*Activity*
Every line of the data below should be repeated exactly, and no picture should be copied.

-- Dataset records follows --

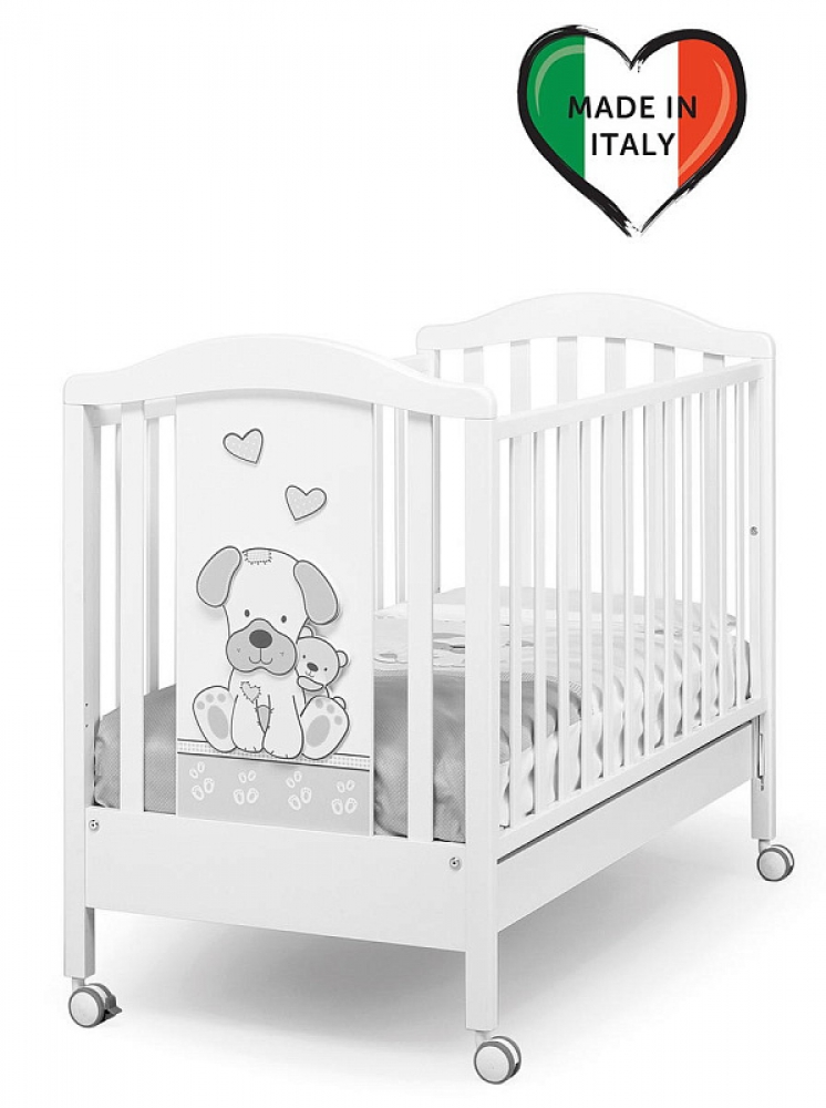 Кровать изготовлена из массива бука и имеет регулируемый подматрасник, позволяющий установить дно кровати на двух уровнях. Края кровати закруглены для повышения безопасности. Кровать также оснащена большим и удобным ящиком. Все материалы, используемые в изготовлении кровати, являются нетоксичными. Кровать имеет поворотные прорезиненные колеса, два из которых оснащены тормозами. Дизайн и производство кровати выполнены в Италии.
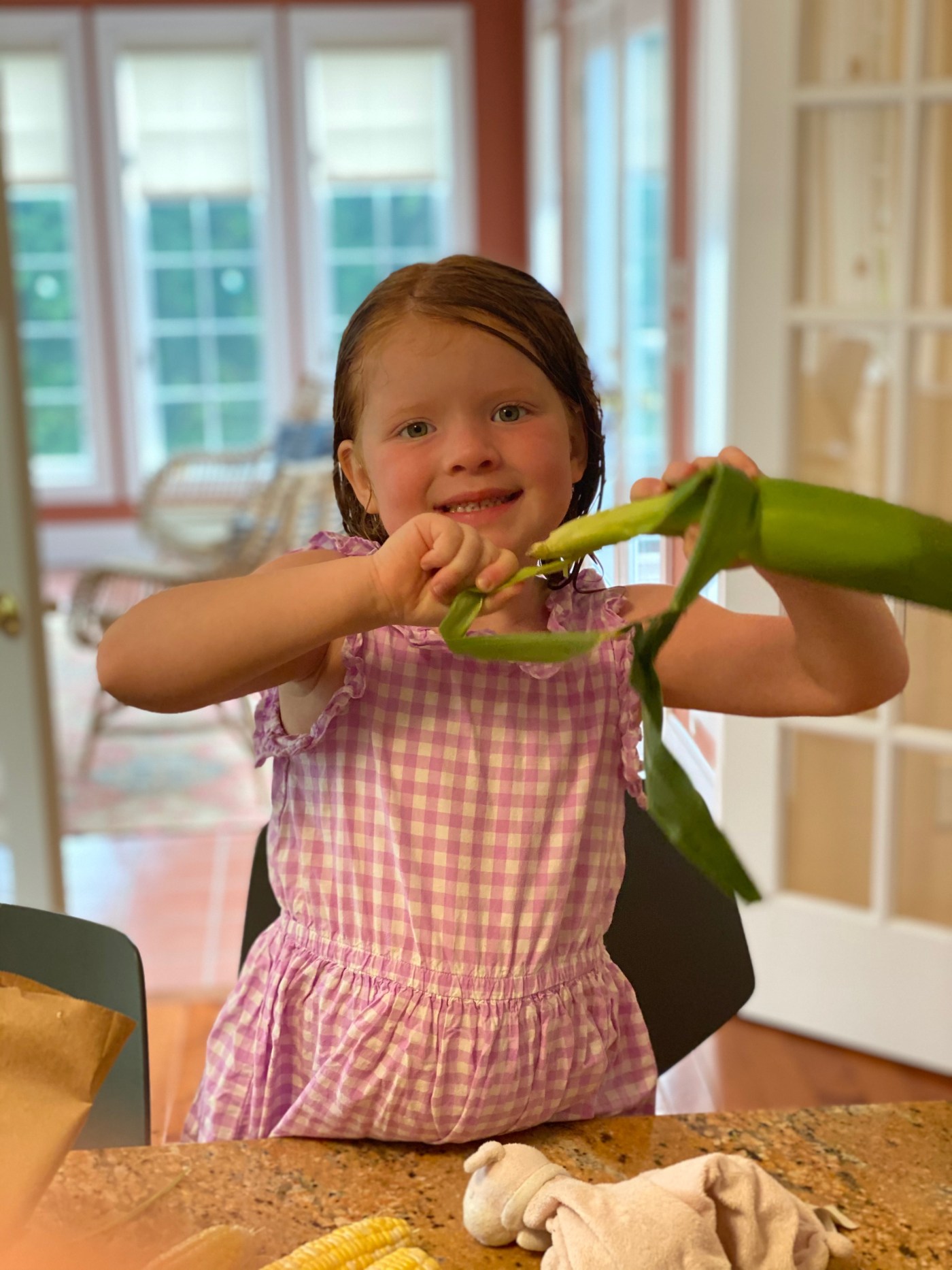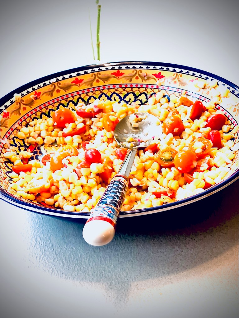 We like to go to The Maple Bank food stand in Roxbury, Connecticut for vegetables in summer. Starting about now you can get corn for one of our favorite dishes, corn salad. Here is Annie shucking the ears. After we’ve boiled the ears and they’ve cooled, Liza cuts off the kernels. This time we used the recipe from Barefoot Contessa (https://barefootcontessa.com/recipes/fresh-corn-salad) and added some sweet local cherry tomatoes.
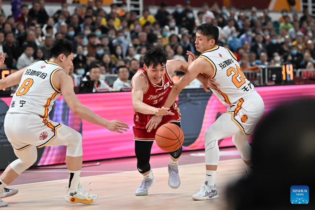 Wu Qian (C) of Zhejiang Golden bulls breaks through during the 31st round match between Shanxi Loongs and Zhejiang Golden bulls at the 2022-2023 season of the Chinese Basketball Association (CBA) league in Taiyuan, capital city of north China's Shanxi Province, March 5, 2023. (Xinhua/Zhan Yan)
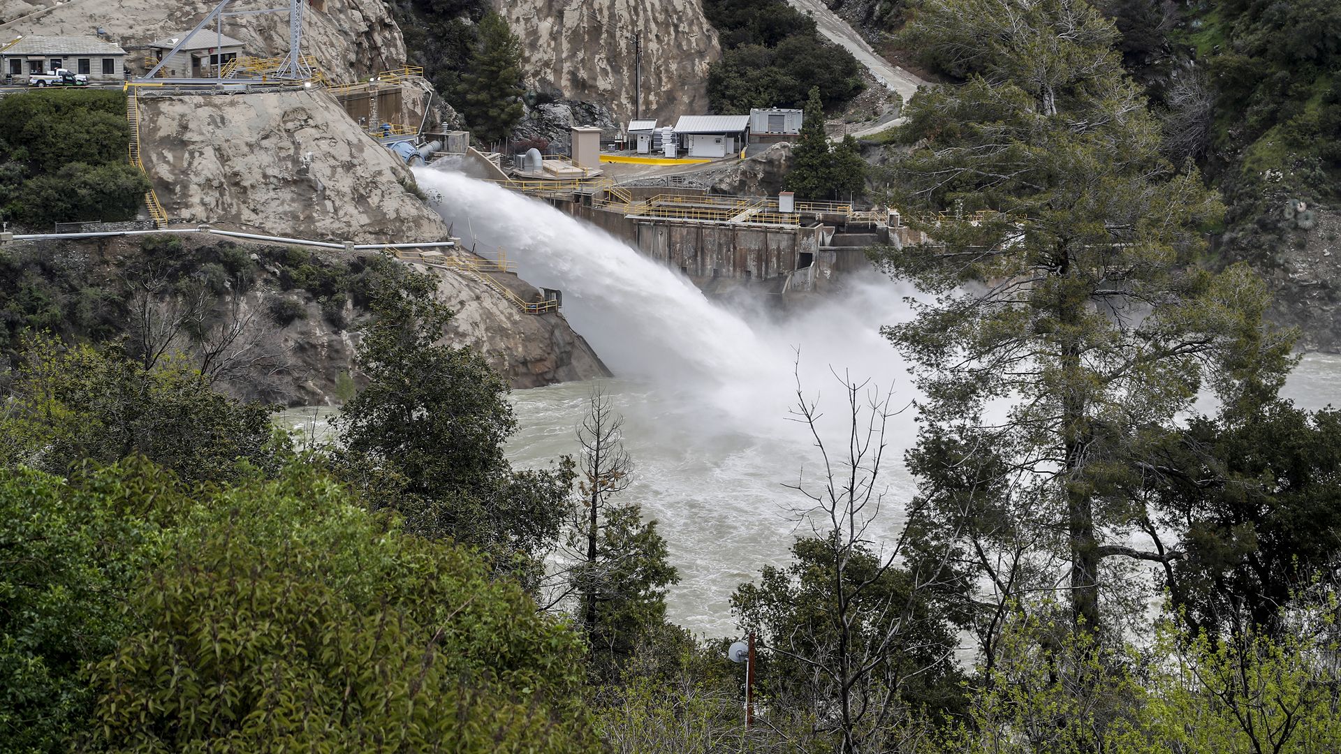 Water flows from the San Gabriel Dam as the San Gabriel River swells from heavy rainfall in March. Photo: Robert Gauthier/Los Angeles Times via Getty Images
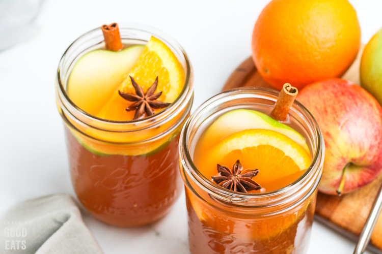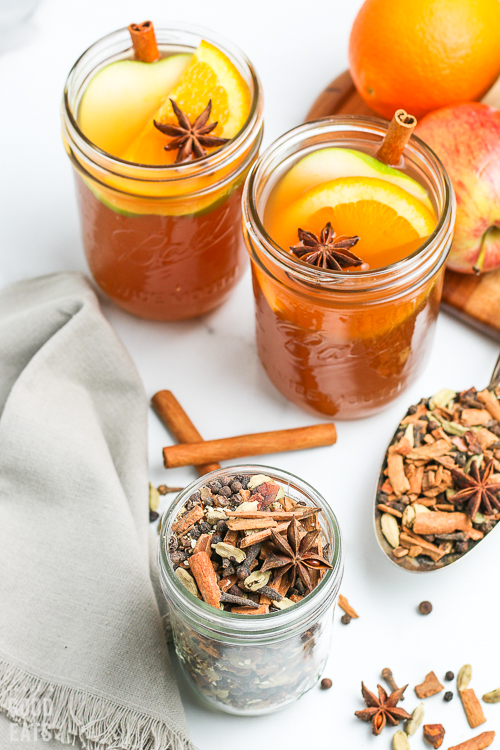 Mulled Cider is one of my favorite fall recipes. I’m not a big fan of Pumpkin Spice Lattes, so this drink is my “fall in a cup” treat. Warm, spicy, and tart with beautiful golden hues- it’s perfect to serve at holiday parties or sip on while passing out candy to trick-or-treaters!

-- Dataset records concluded --

*Final answer*
 Кровать изготовлена из массива бука и имеет регулируемый подматрасник, позволяющий установить дно кровати на двух уровнях. Края кровати закруглены для повышения безопасности. Кровать также оснащена большим и удобным ящиком. Все материалы, используемые в изготовлении кровати, являются нетоксичными. Кровать имеет поворотные прорезиненные колеса, два из которых оснащены тормозами. Дизайн и производство кровати выполнены в Италии.
 We like to go to The Maple Bank food stand in Roxbury, Connecticut for vegetables in summer. Starting about now you can get corn for one of our favorite dishes, corn salad. Here is Annie shucking the ears. After we’ve boiled the ears and they’ve cooled, Liza cuts off the kernels. This time we used the recipe from Barefoot Contessa (https://barefootcontessa.com/recipes/fresh-corn-salad) and added some sweet local cherry tomatoes.
 Wu Qian (C) of Zhejiang Golden bulls breaks through during the 31st round match between Shanxi Loongs and Zhejiang Golden bulls at the 2022-2023 season of the Chinese Basketball Association (CBA) league in Taiyuan, capital city of north China's Shanxi Province, March 5, 2023. (Xinhua/Zhan Yan)
 Water flows from the San Gabriel Dam as the San Gabriel River swells from heavy rainfall in March. Photo: Robert Gauthier/Los Angeles Times via Getty Images
 Mulled Cider is one of my favorite fall recipes. I’m not a big fan of Pumpkin Spice Lattes, so this drink is my “fall in a cup” treat. Warm, spicy, and tart with beautiful golden hues- it’s perfect to serve at holiday parties or sip on while passing out candy to trick-or-treaters!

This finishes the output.